Best advice for responding to today’s biggest cyber threats

If you are like me, you follow world events and news such as Okta being breached by a group of teenagers to see if you need to change your defenses. This may not be a time to roll out new technologies or major changes to your network, as this will introduce other types of risk. Instead, consider taking these steps in response to current events.

Block traffic selectively

Blocking traffic from Russia and Belarus may help you limit noise from your log files, and if you run a customer-facing website, from trolls and spam comments, but blocking their location will not slow a dedicated attacker. They will merely hop on another VPN and come in from another location. If you do want to reduce traffic, review your business needs and limit to those countries and locations that you do business with.

Review how you use multi-factor authentication

The Okta breach made some of us rethink how multi-factor authentication (MFA) is implemented. We tend to roll out push-style MFA to make it easy on the users, but often this lures users into approving prompts without thinking about what is happening. Consider the risks of the users and for what they use MFA.

Microsoft is urging folks to move away from prompt-based two-factor authentication to matching an item. Already rolled out to their consumer-based Microsoft account MFA, the company is now using a prompt of a number to match.

Keep communications on threats relevant to users and leadership

Sending too much communication to staff and management about what should or should not be done is just noise. The sky is not falling, and that noise will only encourage people to tune out the important messages. Send communications only when it is relevant to your firm and can be actionable to your end users.

You still need to keep senior leadership informed about what is going on and perhaps what you are seeing in your log files. Use fact sheets on news items and security events, and prepare briefs to show where you have taken action, where you are researching actions to take, and what resources you might need to maintain or complete a goal.

Find appropriate information and technical resources

Find resources regarding how attacks occurred and determine if your firm has the necessary resources to protect itself. For example, recent events in Ukraine used ransomware and disk wiping software to do the most damage. Do you have the resources to restore or redeploy systems? Do you have resources to withstand DoS attacks?

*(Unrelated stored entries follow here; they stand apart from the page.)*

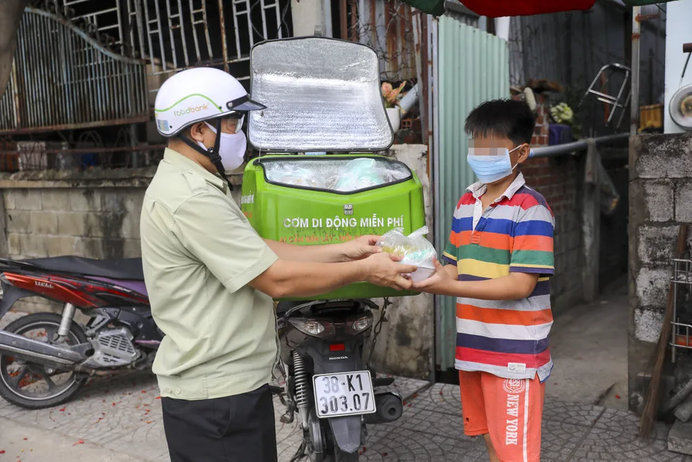 "Do mùa dịch, không thể tập trung người dân lại để phát cơm, "cơm di động" được hình thành có thể đi đến từng con hẻm nhỏ để phát được cho nhiều người khó khăn hơn"- anh Nguyễn Văn Lưu, đại diện nhóm cho biết.
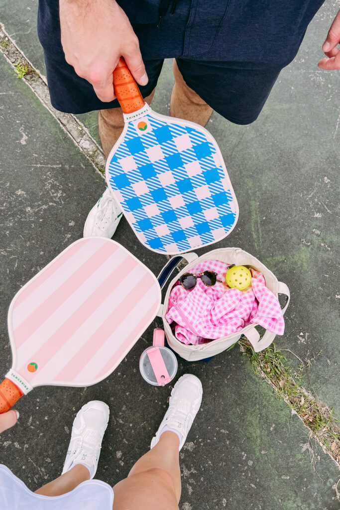 Of course, one of the most essential items to bring to a pickleball game is your paddle. Pickleball paddles come in a variety of shapes, sizes, and materials, so it’s important to choose one that feels comfortable and suits your playing style. Tangerine offers a range of cute and stylish pickleball paddles that not only look great but also perform well on the court. Their paddles are made from high-quality materials and feature a variety of fun and unique designs. So, if you’re looking to add some personality to your pickleball game, consider investing in a cute paddle from Tangerine. Not only will you look great, but you’ll also be playing with a high-quality paddle that can help to improve your game. You can also use code ANGELA10 for 10% off your Tangerine Paddle.
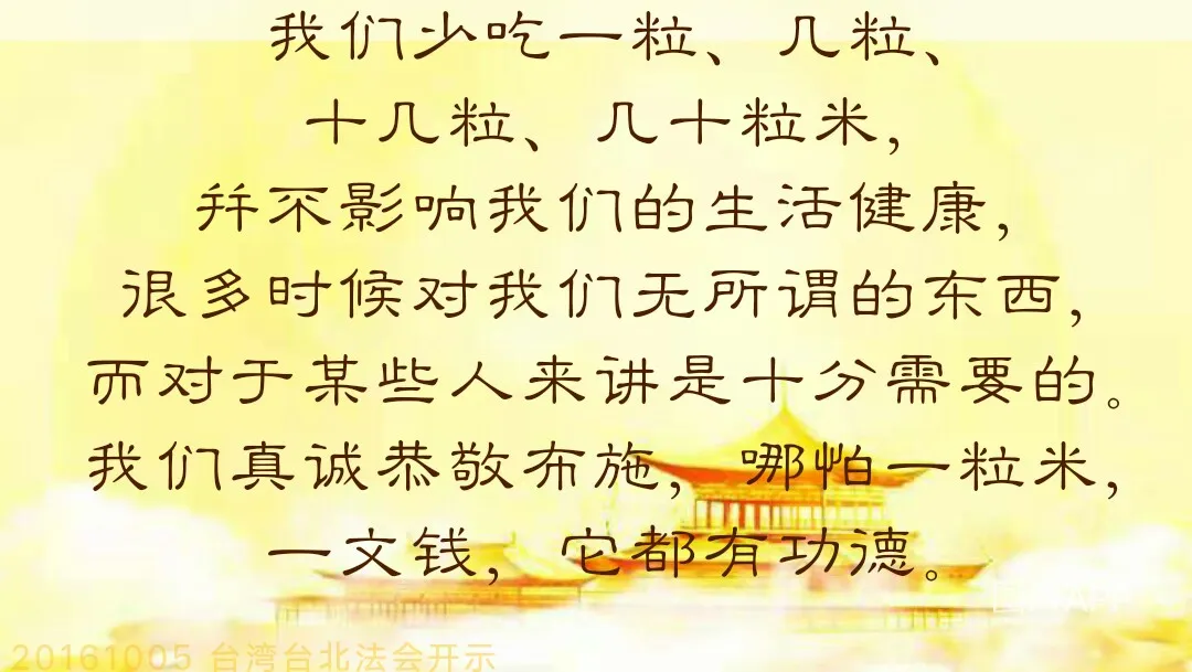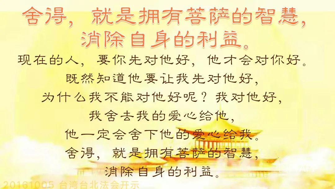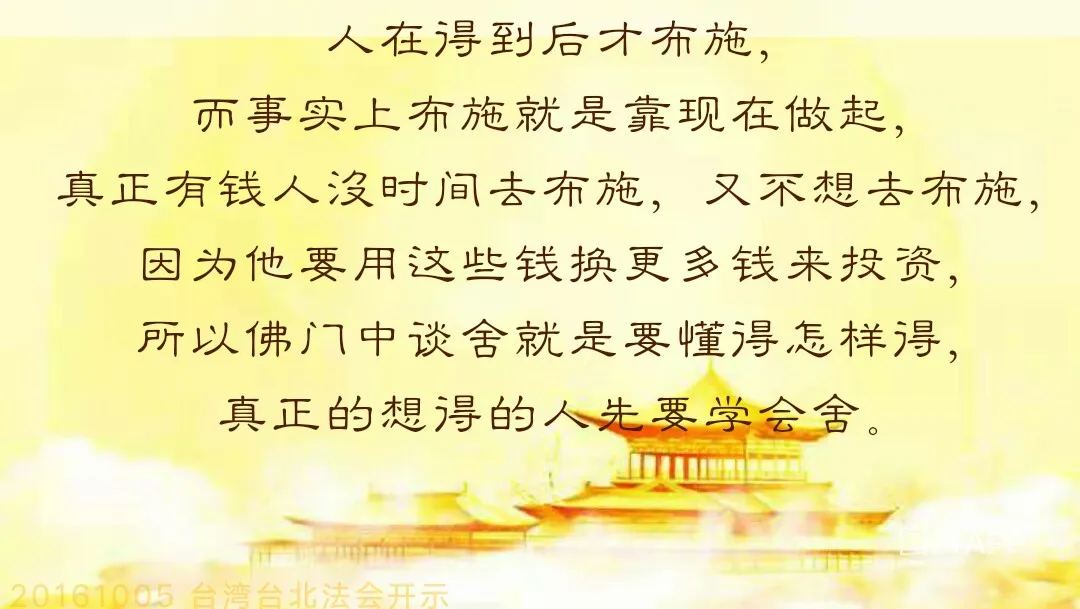 我们少吃一粒、几粒、十几粒、几十粒米,并不影响我们的生活健康,很多时候对我们无所谓的东西,而对于某些人来讲是十分需要的。我们真诚恭敬布施,哪怕一粒米,一文钱,它都有功德。人在得到后才布施,而事实上布施就是靠现在做起,真正有钱人没时间去布施,又不想去布施,因为他要用这些钱换更多钱来投资,所以佛门中谈舍就是要懂得怎样得,真正的想得的人先要学会舍。现在的人,要你先对他好,他才会对你好。既然知道他要让我先对他好,为什么我不能对他好呢?我对他好,我舍去我的爱心给他,他一定会舍下他的爱心给我。舍得,就是拥有菩萨的智慧,消除自身的利益。

Ensure that someone on your staff watches social media sites for information on attacks and methodologies. Twitter often has insight and information into events. Even if you don’t tweet, you can set up an account watch what others say. Start with a recommended list of tweeters, and then look at who they follow and add them to your list. The SANS Internet Storm Center is also another excellent resource for information about incidents and events.

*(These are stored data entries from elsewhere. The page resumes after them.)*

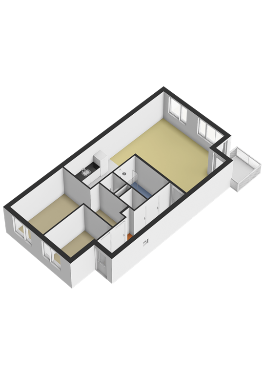 - De portiekflat heeft een woonoppervlakte van 74 m² en beschikt over 3 kamers, waarvan 2 slaapkamers;
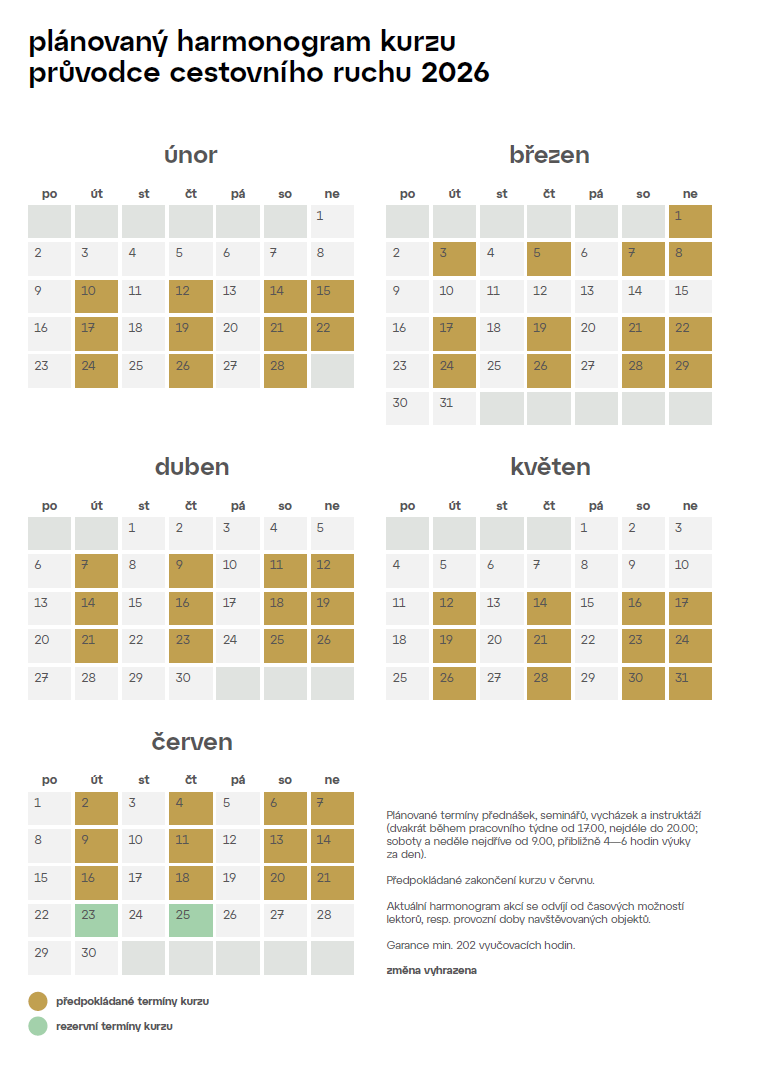 Kurz kreditovaný MŠMT zahrnující zkoušku průvodce cestovního ruchu.
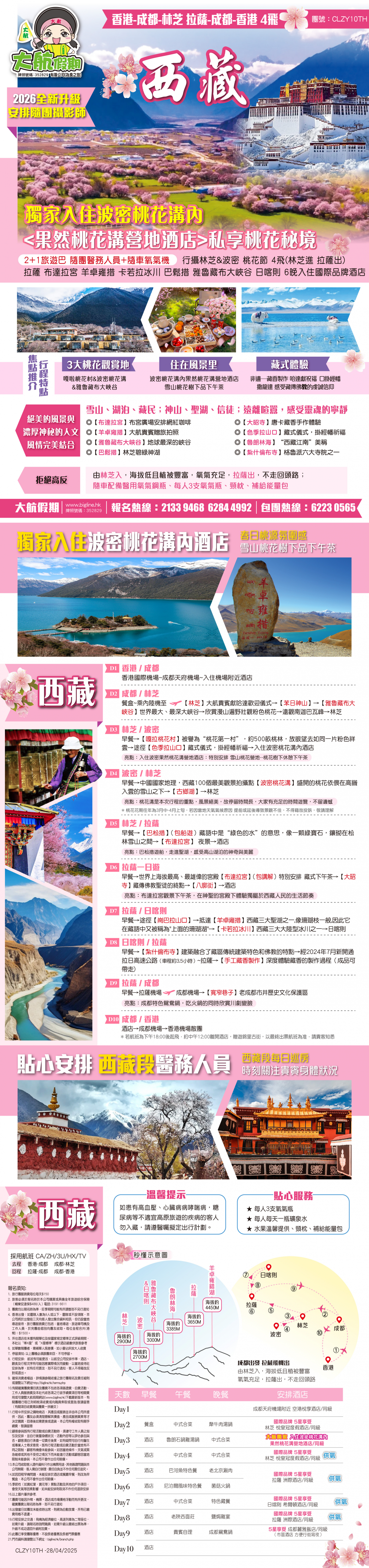 .早餐→中国国家地理,西藏100个最美观景拍摄点【波密桃花沟】漫山遍野的山桃花海,盛开的桃花依偎在高耸入云的雪山之下→【古乡湖】周围树木丛生,湖上有亭台楼阁,晴天时湖水碧蓝,环境很美→林芝
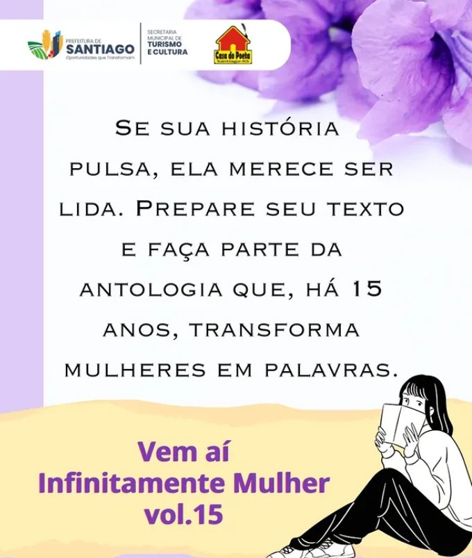 Quinze anos de passaram e em 2026, a obra literária Infinitamente Mulher vai debutar. Para o presidente da Casa do Poeta, Ronaldo Prestes Gomes, o Infinitamente Mulher foi crescendo com os anos, até se tornar uma referência para outras cidades.
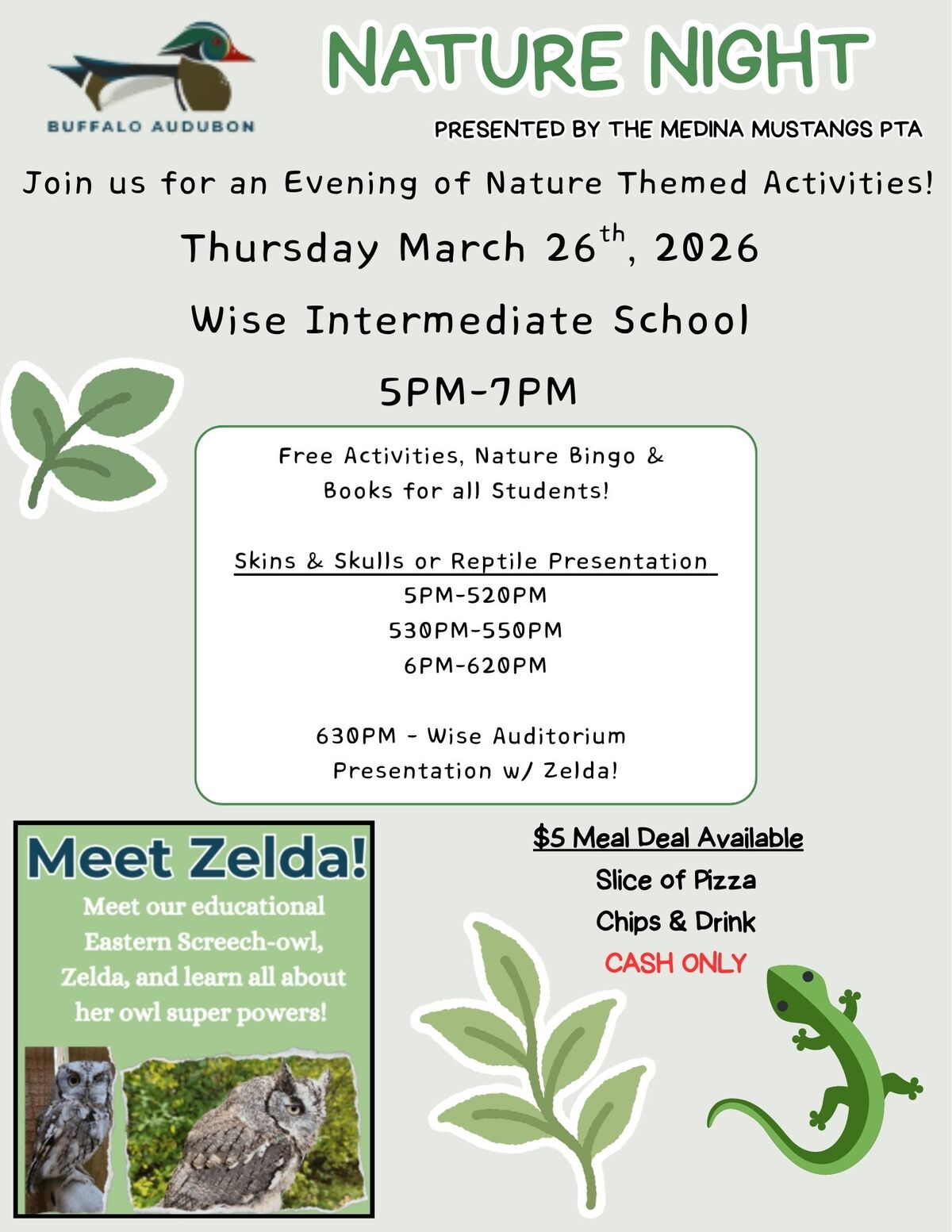 Wise Families,The PTA Nature Night is tonight at Clifford Wise. This is a free event, with food available for purchase, cash only. Doors open at 4:45PM. Please use the Main Entrance at Wise.Present...

If you have a Microsoft’s 365 E5 license, you can review threats on the Threat Analytics website. The console provides actionable information regarding the attacks Microsoft is investigating. You can drill down in the console to review recommendations for mitigation and prevention.

Susan Bradley

You will often see recommended Attack Surface Reduction (ASR) rules to block and protect machines. You can often enable ASR rules without any major side effects, but it’s recommended to roll these rules after testing. I highly recommend that you start an analysis of the impact of such rules in your network.

Susan Bradley

To stay up to date on global threats, pay attention to government advisories. In particular, review two documents that were released as a result of potential Russian cyber activity: the White House’s Fact Sheet: Act Now to Protect Against Potential Cyberattacks and the Cybersecurity & Infrastructure Security Agency’s (CISA’s) Shields Up advisories. If you are part of a government network or critical infrastructure, the Information Sharing and Analysis Center (ISAC) for your industry will also have relevant information on recent threats.